(Beginning of Input data)

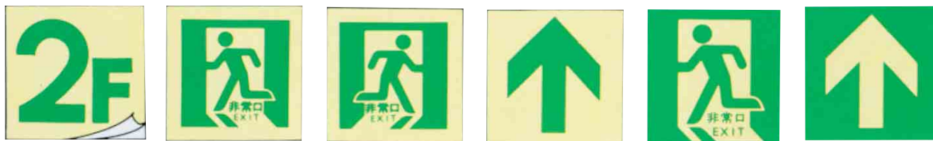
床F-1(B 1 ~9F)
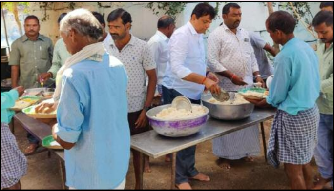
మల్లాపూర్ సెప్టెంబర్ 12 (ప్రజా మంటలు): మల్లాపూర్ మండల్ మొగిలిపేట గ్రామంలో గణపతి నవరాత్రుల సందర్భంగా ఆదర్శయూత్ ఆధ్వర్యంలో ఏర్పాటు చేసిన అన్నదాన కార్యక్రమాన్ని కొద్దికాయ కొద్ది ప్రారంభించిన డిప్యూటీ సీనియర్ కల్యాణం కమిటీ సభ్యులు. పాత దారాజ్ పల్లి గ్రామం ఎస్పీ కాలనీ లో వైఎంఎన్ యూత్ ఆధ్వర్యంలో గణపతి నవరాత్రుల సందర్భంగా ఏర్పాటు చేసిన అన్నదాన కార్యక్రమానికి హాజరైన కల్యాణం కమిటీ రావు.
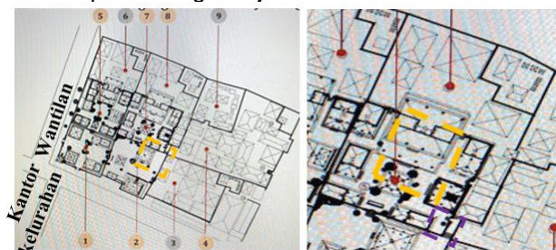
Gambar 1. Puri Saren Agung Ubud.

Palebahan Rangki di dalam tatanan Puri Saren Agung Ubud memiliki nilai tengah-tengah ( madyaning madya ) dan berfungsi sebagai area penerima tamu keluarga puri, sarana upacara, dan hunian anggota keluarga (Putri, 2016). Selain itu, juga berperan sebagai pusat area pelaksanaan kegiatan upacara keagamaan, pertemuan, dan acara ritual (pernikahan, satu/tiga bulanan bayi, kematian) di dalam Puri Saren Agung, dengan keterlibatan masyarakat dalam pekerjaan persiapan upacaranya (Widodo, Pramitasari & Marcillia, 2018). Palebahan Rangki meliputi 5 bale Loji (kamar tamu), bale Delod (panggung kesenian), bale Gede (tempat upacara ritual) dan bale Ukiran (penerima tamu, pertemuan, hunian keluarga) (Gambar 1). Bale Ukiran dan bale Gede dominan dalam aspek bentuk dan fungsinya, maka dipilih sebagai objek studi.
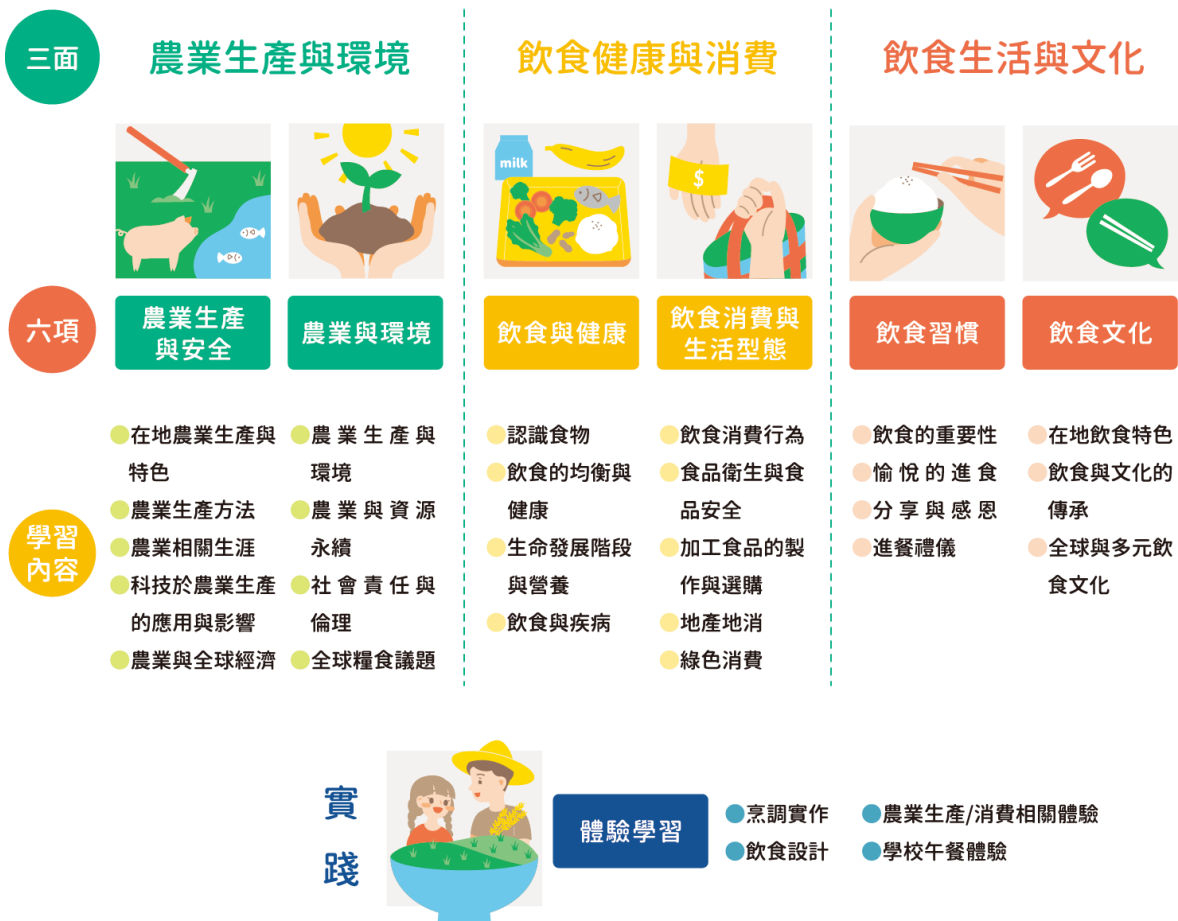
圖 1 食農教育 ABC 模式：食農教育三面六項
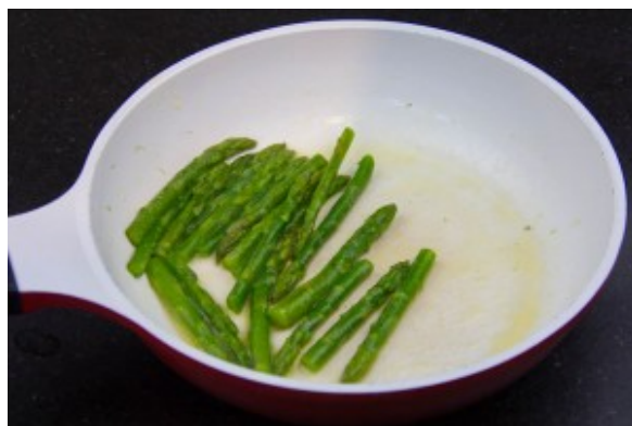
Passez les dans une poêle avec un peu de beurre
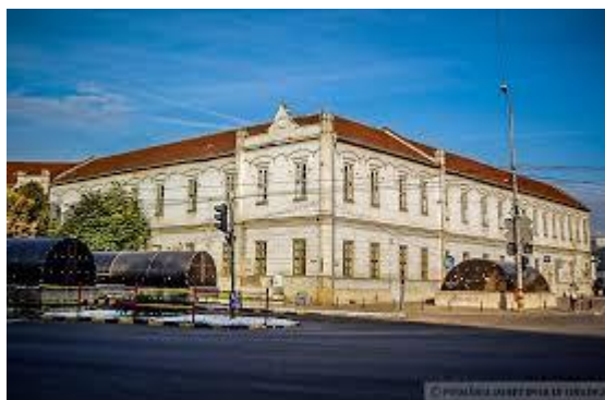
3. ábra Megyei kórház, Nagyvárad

(End of Input data)

[Required action]
Copy out every entry above, character for character, excluding pictures.

[Solution]
床F-1(B 1 ~9F)
మల్లాపూర్ సెప్టెంబర్ 12 (ప్రజా మంటలు): మల్లాపూర్ మండల్ మొగిలిపేట గ్రామంలో గణపతి నవరాత్రుల సందర్భంగా ఆదర్శయూత్ ఆధ్వర్యంలో ఏర్పాటు చేసిన అన్నదాన కార్యక్రమాన్ని కొద్దికాయ కొద్ది ప్రారంభించిన డిప్యూటీ సీనియర్ కల్యాణం కమిటీ సభ్యులు. పాత దారాజ్ పల్లి గ్రామం ఎస్పీ కాలనీ లో వైఎంఎన్ యూత్ ఆధ్వర్యంలో గణపతి నవరాత్రుల సందర్భంగా ఏర్పాటు చేసిన అన్నదాన కార్యక్రమానికి హాజరైన కల్యాణం కమిటీ రావు.
Gambar 1. Puri Saren Agung Ubud.

Palebahan Rangki di dalam tatanan Puri Saren Agung Ubud memiliki nilai tengah-tengah ( madyaning madya ) dan berfungsi sebagai area penerima tamu keluarga puri, sarana upacara, dan hunian anggota keluarga (Putri, 2016). Selain itu, juga berperan sebagai pusat area pelaksanaan kegiatan upacara keagamaan, pertemuan, dan acara ritual (pernikahan, satu/tiga bulanan bayi, kematian) di dalam Puri Saren Agung, dengan keterlibatan masyarakat dalam pekerjaan persiapan upacaranya (Widodo, Pramitasari & Marcillia, 2018). Palebahan Rangki meliputi 5 bale Loji (kamar tamu), bale Delod (panggung kesenian), bale Gede (tempat upacara ritual) dan bale Ukiran (penerima tamu, pertemuan, hunian keluarga) (Gambar 1). Bale Ukiran dan bale Gede dominan dalam aspek bentuk dan fungsinya, maka dipilih sebagai objek studi.
圖 1 食農教育 ABC 模式：食農教育三面六項
Passez les dans une poêle avec un peu de beurre
3. ábra Megyei kórház, Nagyvárad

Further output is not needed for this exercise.